Pipeline Overview

Pipeline Overview#

The Squirro pipeline transforms a record from a data source to a Squirro item and writes it into the index. This page provides an overview of how it is structured and the relationships between different steps in the pipeline.

Important: A project can have one or more pipelines associated with different project data sources.

Architecture Overview#

As outlined in the Architecture, the flow of data through Squirro can be split into a number of steps:

The Load is handled by Data Loading. The data loader will give Squirro a list of records to be indexed.

The pipeline’s task is to now convert those records into properly formatted Squirro items (see Item Format) and store those items in the Squirro storage layer.

From that index, they can then be retrieved by the Squirro dashboards for visualization and searching.

Pipeline Sections#

The pipeline is split into the given sections mostly to aid understanding and configuration of the various steps.

Section	Description
Enrich	Extracting additional data from records or converting them into text is counted as an enrichment. This includes language detection, deduplication, or converting binary documents to text.
Relate	Linking the ingested items within each other or with other data sources is part of this section. Most importantly, this includes the Known Entity Extraction steps.
Discover	Discover includes steps around topic modeling and clustering, as well as analysis for Typeahead Suggestions.
Classify	Text classification, such as the models created with the Squirro AI Studio, are part of this section.
Predict	Predictive modeling and forecasting capabilities for data analysis.
Recommend	This section includes the updating of recommendation models and insights generation. These are not yet exposed in the user interface.
Automate	Automated actions, such as sending of emails, is included as automations. This section is empty within the user interface.
Index	This step is not included in the architecture charts, but can be seen and used in the pipeline editor. It includes the required steps to persist Squirro items on disk for searching.
Custom	Custom steps can be added to the pipeline in the form of Pipelets. These pipelets always show up in a section called Custom, but this will be extended to allow each pipelet to be assigned to one of the above sections as well.

Ingester Service#

The ingester service is the service responsible for executing the steps of the data processing pipeline.
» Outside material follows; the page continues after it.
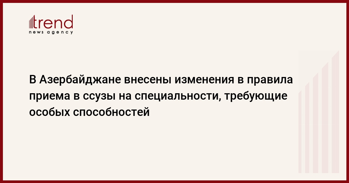В Азербайджане были внесены изменения в правила приема в средне-специальные учебных заведениях на основе девятилетнего образования на специальности, требующие особых способностей, сообщил в пятницу журналистам руководитель пресс-службы Государственной комиссии по приему студентов (ГКПС) Азербайджана Эльнур Нагизаде.
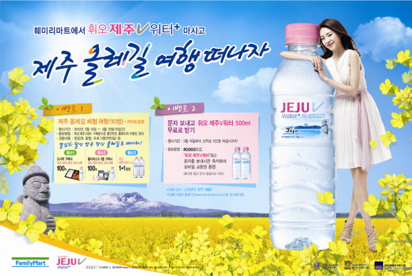 훼미리마트에서 한라산 화산암반 프리미엄 생수인‘제주V워터’2종을 구매하고 영수증 속 행운번호를 홈페이지에 응모하면 추첨을 통해 10쌍(1인 2매)에게 제주 올레길 패키지 여행상품권(항공권, 숙박권, 제주 올레길 프로그램)을 증정한다.

The ingester service receives data from the data loader, via the inputstream, and indexes it in Squirro Item Format.

From there, it executes all of the steps in the pipeline, finishing with the Indexing step as visualized in the diagram below.

Troubleshooting#

To troubleshoot issues with the ingester service, see your instance’s Squirro Monitoring space.

Note

The ingester service is not responsible for loading data. If you encounter issues with a particular data source, see Data Loading Troubleshooting.

Processing#

The pipeline steps are run sequentially. When a pipeline step fails for any reason, the item is re-queued and the full pipeline will be re-run on that item. If processing fails persistently (10 times by default) the item is dropped from the pipeline.

Some errors are handled by adding an error code to the item. The known error codes for this are documented in the Processing Errors table.

Items are only displayed to the users once the full pipeline - with exception of Search Tagging - has run through. For details on the search tagging delay, see Search Tagging and Alerting.

The sqingesterd service is responsible for executing the Pipeline workflows and their steps.

The configuration option processors under the section ingester of the /etc/squirro/ingester.ini file controls the number of processors used by the sqingesterd service to consume the batch files found under the /var/lib/squirro/inputstream directory. Each processor works on a single batch file at a time. Under the hood, each processor is a separate Unix process. The default value of this option is 1 (i.e., a single processor is spawned by the service for ingesting data).

The configuration option workers under the section processor of the /etc/squirro/ingester.ini file controls the number of threads spawned by each processor. This setting is being used for the execution of certain Pipeline steps which consume a single item from the batch at a time. Other Pipeline steps work on a batch level and therefore this option is irrelevant to them. The default value of this option is 3. (i.e., approximately 3 items of a batch are executed concurrently by a single processor).

Pipeline Step Dependencies#

Some Built-In Steps have dependencies on other steps. If these dependencies are not met, then it is possible that either the processing of the Pipeline workflow will fail completely, or it will be successful but the ingested items will not get transformed as expected. The following list outlines the current known step dependencies per section:

Enrich
- The Unshorten Link step should go before the Duplicate Detection step.
- The Content Augmentation step should go before the Content Extraction step.
- The Content Extraction step should go before the Language Detection step.
Index
- The Content Standardization step should go before the Indexing step.
- The Cache Cleaning step should go after the Indexing step.
- The Search Tagging and Alerting step should go after the :ref:`pipeline-steps-indexing`step.

Configuration#

A project can have one or more pipelines. Each data source is associated with one such pipeline. The pipelines are configured using the Pipeline Editor in the Setup space.